Potential race when removing two-way mirroring image
Let's we have cluster1 and cluster2 and run rbd-mirror daemons in both clusters, so cluster1 rbd-mirror replays images promoted in cluster2, and cluster2 rbd-mirror replays images promoted in cluster1.
1) Create a mirroring (promoted) image in cluster2
2) Wait for replay is started by cluster1 rbd-mirror
3) Remove the image in cluster1
Cluster1 rbd-mirror detects the remote image is removed and initiate removal of the local image. Before removing, mirroring is disabled for the image. When disabling mirroring for a demoted image, it is promoted first to avoid the journal left in an inconsistent ownership state (see #17588). At that moment (after the image is promoted but not removed yet) the cluster1 rbd-mirror has a chance to start replay for the promoted image.
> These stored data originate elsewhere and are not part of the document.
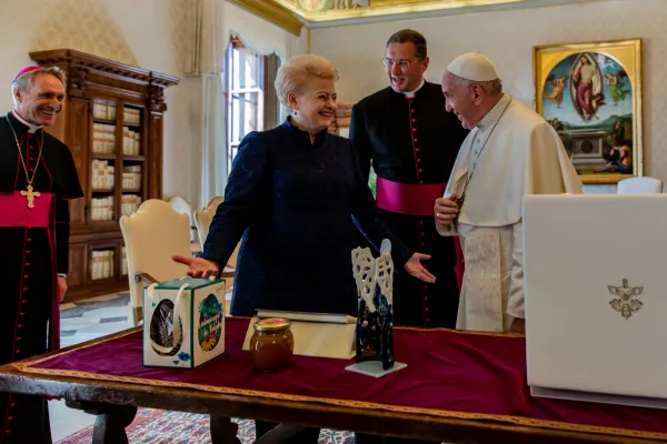 Per il consueto scambio di doni, il Primo Ministro lituano ha donato a Francesco una statuetta in legno di quercia che rappresenta un Gesù preoccupato e pensante, simbolo della Lituania. L’opera è diffusa in tutto il paese e realizzata da un’artista lituano “autodidatta”. Da parte sua invece il Papa ha regalato al ministro il medaglione della pace e i suoi tre libri: “Evangelii Gaudium”, “Laudato Sì” e l’esortazione apostolica “Amoris Laetitia”.
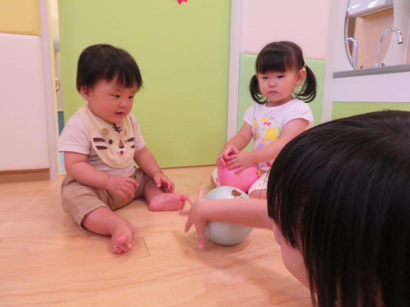僕はお姉さんにボールを転がして遊んでもらってるの
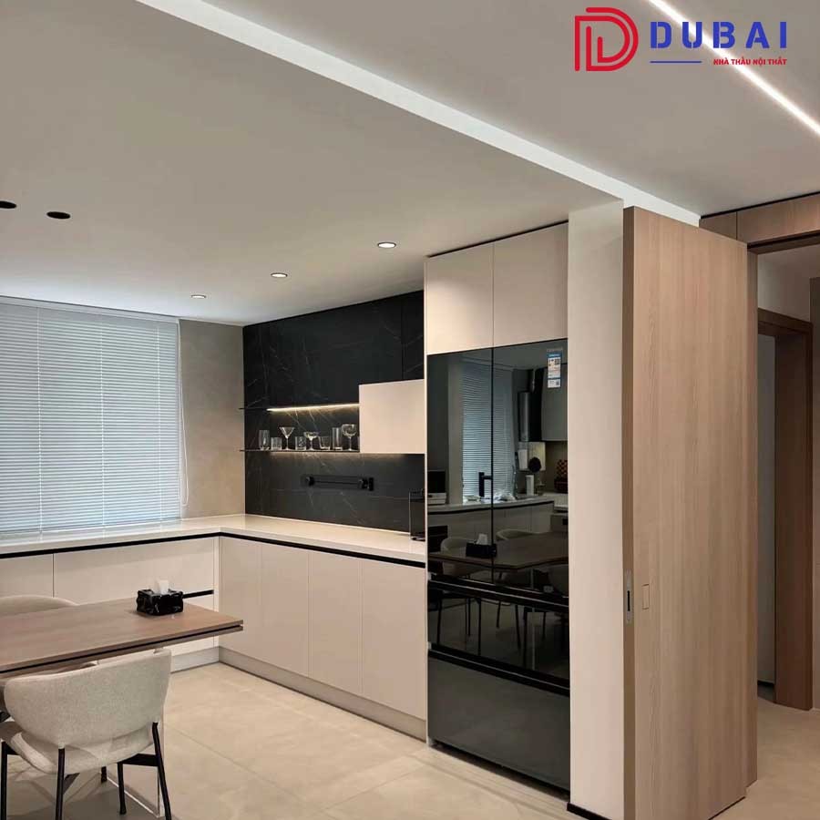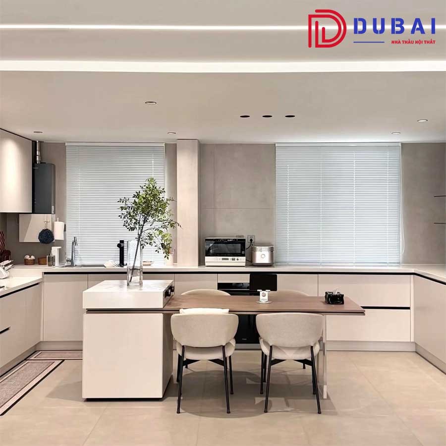 ♦ Phong cách: Bố trí công năng khoa học với khu vực nấu nướng, rửa và lưu trữ tiện lợi, đảm bảo sự thuận tiện trong sinh hoạt hằng ngày. Mẫu tủ bếp này đặc biệt phù hợp với căn hộ cao cấp, biệt thự hiện đại hoặc nhà phố có diện tích rộng, nơi gia chủ đề cao tính thẩm mỹ, sự tiện ích và không gian sinh hoạt gia đình sang trọng.
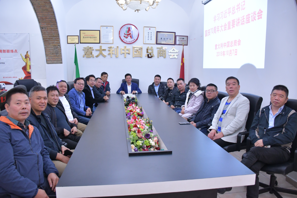 意大利中国总商会部分会长团成员在出席学习会上用亲身的体会畅谈新中国70年辉煌的成就和阅兵仪式观后感,大家一致认为“强国复兴有我担当,我们有义务也有责任,把中国发展的故事带出国门和海外同胞以及居住国分享。”

The issue is some times reproduced when running qa/workunits/rbd/rbd_mirror_stress.sh: in such a case it fails in "delete images during bootstrap" test when creating an image and it fails with "already exists" error, because the previously deleted image with this name was recreated by the rbd-mirror:
+ rbd --cluster cluster2 -p mirror create --size 512M --image-feature layering,exclusive-lock,journaling image_6 2017-01-07 06:36:06.541592 7f8d9afce000 -1 librbd: rbd image image_6 already exists rbd: create error: (17) File exists
Some log entries for cluster1 rbd-mirror image deleter triggered after the image was deleted in cluster2:
2017-01-07 06:29:04.166474 7f977d7fa700 20 rbd::mirror::ImageDeleter: 0x7f97aff96410 process_image_delete: processing deletion of snapshot image_6@snap 2017-01-07 06:29:05.820029 7f977d7fa700 10 rbd::mirror::ImageDeleter: 0x7f97aff96410 process_image_delete: snapshot image_6@snap was deleted 2017-01-07 06:29:06.030410 7f977d7fa700 20 librbd: remove 0x7f977d7f7360 101d628c895d 2017-01-07 06:29:06.170824 7f977d7fa700 10 librbd::mirror::DisableRequest: 0x7f977001f910 send_get_mirror_image 2017-01-07 06:29:06.188326 7f9761ffb700 10 librbd::mirror::DisableRequest: 0x7f977001f910 send_promote_image 2017-01-07 06:29:06.254878 7f96f1ffb700 10 librbd::mirror::DisableRequest: 0x7f977001f910 handle_promote_image: r=0 2017-01-07 06:29:07.011857 7f977d7fa700 10 rbd::mirror::ImageDeleter: 0x7f97aff96410 process_image_delete: Successfully deleted image: image_6
And at the same time cluster2 rbd-mirror bootstrap is started and succeeds:
2017-01-07 06:29:06.152189 7f47727fc700 20 rbd::mirror::Replayer: 0x7f4816a49a90 set_sources: starting image replayer for d906b6e8-0fb0-440b-aef4-4a24319cadb3 2017-01-07 06:29:06.152189 7f47727fc700 20 rbd::mirror::Replayer: 0x7f4816a49a90 start_image_replayer: global_image_id=d906b6e8-0fb0-440b-aef4-4a24319cadb3 2017-01-07 06:29:06.271231 7f4771ffb700 20 rbd::mirror::image_replayer::BootstrapRequest: 0x7f47f4200600 handle_open_remote_image: r=0 2017-01-07 06:29:06.273750 7f4771ffb700 20 rbd::mirror::image_replayer::BootstrapRequest: 0x7f47f4200600 open_local_image 2017-01-07 06:29:06.274616 7f47fa7fc700 20 rbd::mirror::image_replayer::BootstrapRequest: 0x7f47f4200600 handle_open_local_image: r=-2 2017-01-07 06:29:06.274617 7f47fa7fc700 10 rbd::mirror::image_replayer::BootstrapRequest: 0x7f47f4200600 handle_open_local_image: local image missing 2017-01-07 06:29:06.274618 7f47fa7fc700 20 rbd::mirror::image_replayer::BootstrapRequest: 0x7f47f4200600 create_local_image 2017-01-07 06:29:06.274639 7f47fa7fc700 20 librbd::image::CreateRequest: name=image_6, id=1031436c6125, size=134217728, features=69, order=22, stripe_unit=4194304, stripe_count=1, journal_order=24, journal_splay_width=4, journal_pool=, data_pool=
Note, the image promotion time 06:29:06.254878 is less than open_remote_image time 06:29:06.271231 (when the bootstrap checks if the image is promoted).